Clue: for efficiency, avoid totally needless work.

- Alf

Alf P. Steinbach

unread,

Aug 16, 2023, 5:59:46 PM8/16/23

to

Oh, I'm REALLY old.

Even less slow, now clocking in at

0.0260816 seconds.
0.0267381 seconds.
0.0269437 seconds.

Code:

#include <fmt/core.h>
#include "cppm-Timer.hpp"

#include <vector>
using std::vector;

#include <stdlib.h> // EXIT_FAILURE
#include <stdio.h> // fopen, fclose

auto main() -> int
{
constexpr int n = 10'000'000;
constexpr int sqrt_n = 3'162;

cppm::Timer timer;
auto is_composite = vector<bool>( n + 1 );

for( int i = 4; i < n; i += 2 ) { is_composite[i] = true; }
for( int i = 3; i < n; ) {

while( is_composite[i] ) { ++i; }
const int prime = i;

if( prime <= sqrt_n ) {
for( int j = prime*prime; j < n; j += 2*prime ) {

is_composite[j] = true;
}
}
++i;
}
timer.stop();
fmt::print( "{} seconds.\n", timer.seconds() );

auto f = fopen( "primes.alf.txt", "w" );
if( not f ) { return EXIT_FAILURE; }
for( int i = 2; i < n; ++i ) {
if( not is_composite[i] ) {
fmt::print( f, "{:d}\n", i );
}
}
fclose( f );
}

But every little optimization adds complexity and verbosity.

- Alf

Chris M. Thomasson

unread,

Aug 16, 2023, 7:27:27 PM8/16/23

to

On 8/16/2023 2:59 PM, Alf P. Steinbach wrote:
[...]

Fwiw, keep in mind what your system is currently doing when you run a
benchmark. Personally, I shutdown as many unnecessary processes as I can
before I run any benchmark. Bare bones.

red floyd

unread,

Aug 16, 2023, 9:06:43 PM8/16/23

to

On 8/16/2023 2:17 PM, Alf P. Steinbach wrote:
> On 2023-08-16 3:37 PM, Bonita Montero wrote:
>> I tried to implement the sieve of Erastosthenes as fast as possible.
>> I didn't thought it would make a big difference, but having a bit-wise
>> vector<bool> instead of a vector<char> makes the code twice as fast
>> for my AMD 7950X PC and an upper bound of one billion. The additional
>> overhead for the bit-wise access is less than the additional overhead
>> of fetching more memory

[redacted]

Here's mine. I get rid of the vector<bool> by storing the prime factors
in their own vector, and only checking for divisibility by primes.

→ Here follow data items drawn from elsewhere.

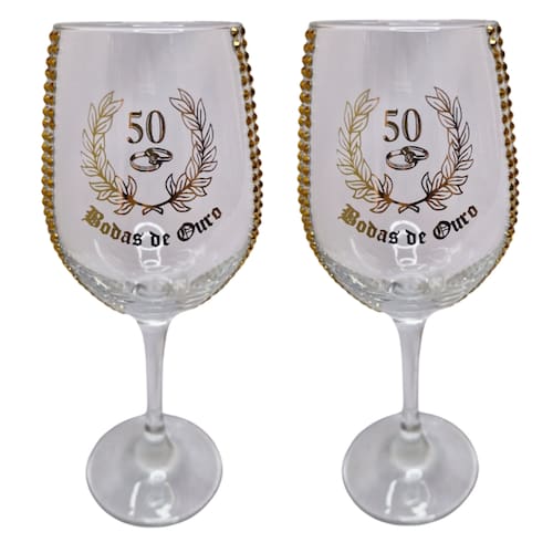 Adquira esta Taça maravilhosa e ganhe um lindo presente. Kit 2 Taças Vidro Bodas de Ouro 50 Anos Luxo Personalizada Vinho 490ml - Nadir Figueiredo - Barone
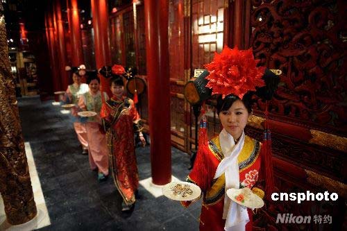 穿著“格格”服裝的服務員為北京老舍茶館新增設的小滿漢全席上菜,該席最高消費3000元每人。中新社發 廖攀 攝
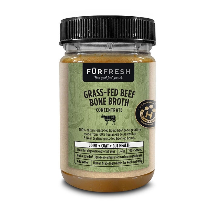 This 100% natural grass-fed liquid beef bone broth for dogs and cats, is made from 100% human grade Australian and New Zealand grass-fed beef leg bones that are slow-cooked at low temperatures for 30 hours. This gentle process maintains the highest ingredient integrity and extracts the most nutrient-dense marrow for joint, coat and gut health. Just add 1 teaspoon to water and serve!
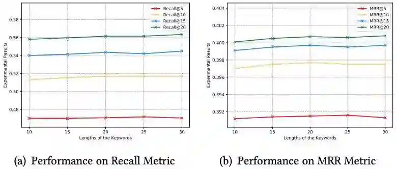 TOP-K表示ESRM-KG(L=top-k)模型。这里的K范围是10、15、20、25和30。如图14所示,就Recall和MRR而言,我们发现TOP-20优于TOP-10和TOP-30。但是,在Recall和MRR上,TOP-10和TOP-15的结果不太好。从这种现象,我们发现,当关键词的长度太小时,它可能会提供不足的信息,这将使关键词生成对推荐的帮助受到很大限制。此外,我们可以看到TOP-30在Recall@15,Recall@20,MRR@15和MRR@20上取得了最佳结果。但是,在Recall@5和MRR@5上,TOP-30不如TOP-25,在Recall@10和MRR@20上不如TOP-20。关于这种现象,我们认为可能导致较长的关键词可能使得ESRM-KG模型倾向于生成关键词。尽管推荐性能在某些方面得到了增强,例如Recall@20,但它也面临目标商品在推荐列表中排名较低的问题。
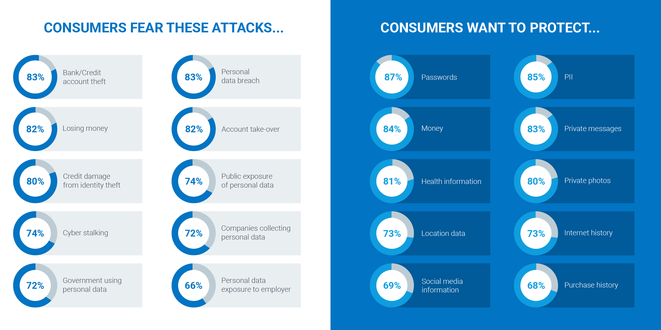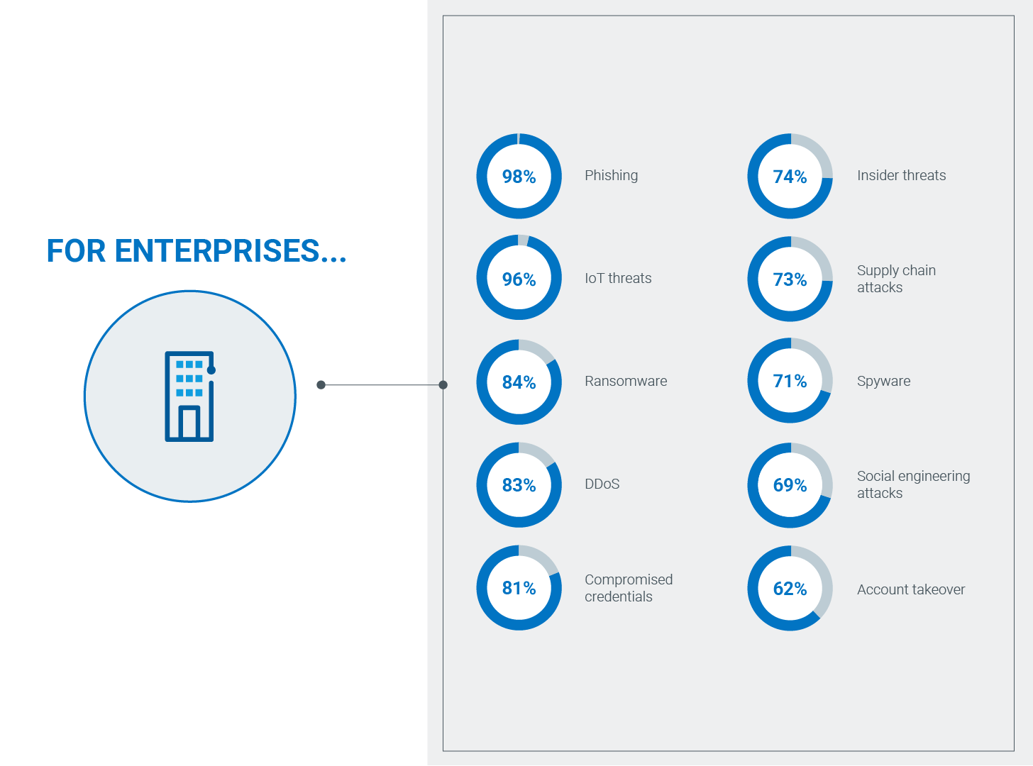 We wondered whether enterprises were on the same page as consumers in terms of helping protect what matters most to consumers (passwords, personal identifiable information (PII), etc.). Virtually all attacks that compromise consumer data start with email attacks4. Yet, with all that enterprises do to protect consumers, they rated protecting against phishing attacks as second from the bottom in terms of how they are doing. Furthermore, they rated phishing as the attack they are most concerned about.

It can be sped up by checking for divisibility only by values less than
or equal to sqrt(candidate value).

I only check up to 1 million, but you can obviously change max_prime.
Also change to long long for values greater than 2 billion.

--- cut here --

#include <iostream>
#include <ostream>
#include <vector>
#include <cmath>
#include <cstdlib>

const long max_prime = 1000000;
const long max_factor =
static_cast<long>(std::sqrt(static_cast<double>(max_prime))) + 1;

int main(int, char *[])
{
std::vector<long> factors;

std::cout << "2" << std::endl;
for (long n = 3; n < max_prime ; n += 2 )
{
bool composite;
composite = false;
for (std::vector<long>::iterator it = factors.begin();
!composite && it != factors.end();
++it)
{
if ((n % *it) == 0)
composite = true;
}
if (!composite)
{
std::cout << n << std::endl;

if (n < max_factor)
factors.push_back(n);
}
}

return EXIT_SUCCESS;
}

Tim Rentsch

unread,

Aug 16, 2023, 10:26:37 PM8/16/23

to

red floyd <no.spa...@its.invalid> writes:

> On 8/16/2023 2:17 PM, Alf P. Steinbach wrote:
>
>> On 2023-08-16 3:37 PM, Bonita Montero wrote:
>>
>>> I tried to implement the sieve of Erastosthenes as fast as
>>> possible. I didn't thought it would make a big difference, but
>>> having a bit-wise vector<bool> instead of a vector<char> makes the
>>> code twice as fast for my AMD 7950X PC and an upper bound of one
>>> billion. The additional overhead for the bit-wise access is less
>>> than the additional overhead of fetching more memory
>
> [redacted]
>
> Here's mine. I get rid of the vector<bool> by storing the prime
> factors in their own vector, and only checking for divisibility by

> primes. [...]

Here are some suggestions for everyone.

Except for 2, 3, and 5, numbers can be considered mod 30, and
there are (conveniently) only 8 candidates: 1, 7, 11, 13, 17,
19, 23, and 29. For numbers 7 and up, every prime must be
one of those candidates (mod 30).

By storing the results for blocks of 30 in a byte, we can
store results for all 32 bit primes in 143165577 bytes.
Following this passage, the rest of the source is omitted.